**Data segment**:
******

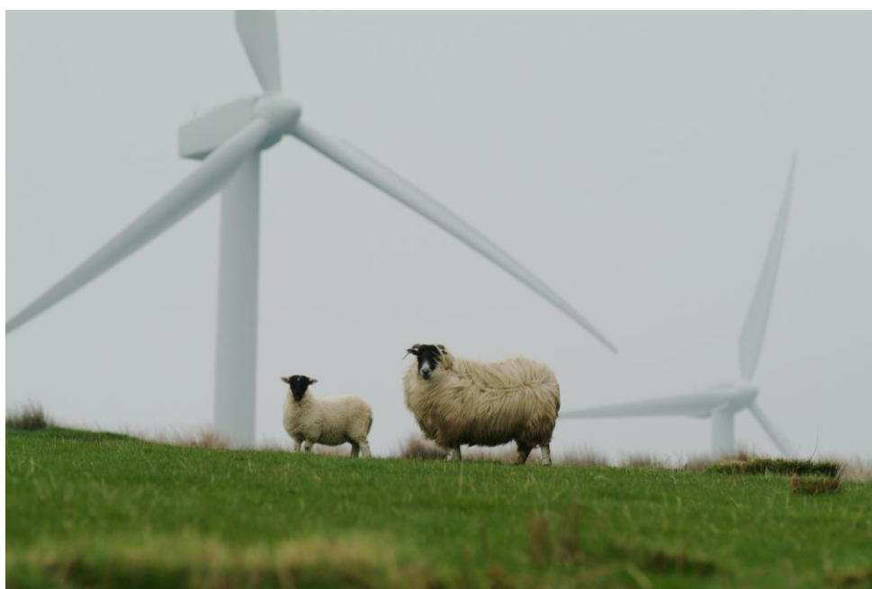
Figure 7 : Pâturage ovins

Chacun de ces modes de gestion a ses avantages et ses inconvénients. Le choix de l'un ou l'autre devra être adapté aux contraintes techniques, organisationnelles et financières propres à chaque organisme (Bourrel et al., 2019).
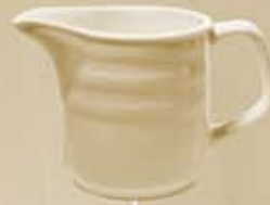
▶ JARRITA CREMERA CREAMER RBJC150 (150 cc.)

******

**Requirement**: Copy out all the data above exactly, minus the images.

**Solution to this problem**:
Figure 7 : Pâturage ovins

Chacun de ces modes de gestion a ses avantages et ses inconvénients. Le choix de l'un ou l'autre devra être adapté aux contraintes techniques, organisationnelles et financières propres à chaque organisme (Bourrel et al., 2019).
▶ JARRITA CREMERA CREAMER RBJC150 (150 cc.)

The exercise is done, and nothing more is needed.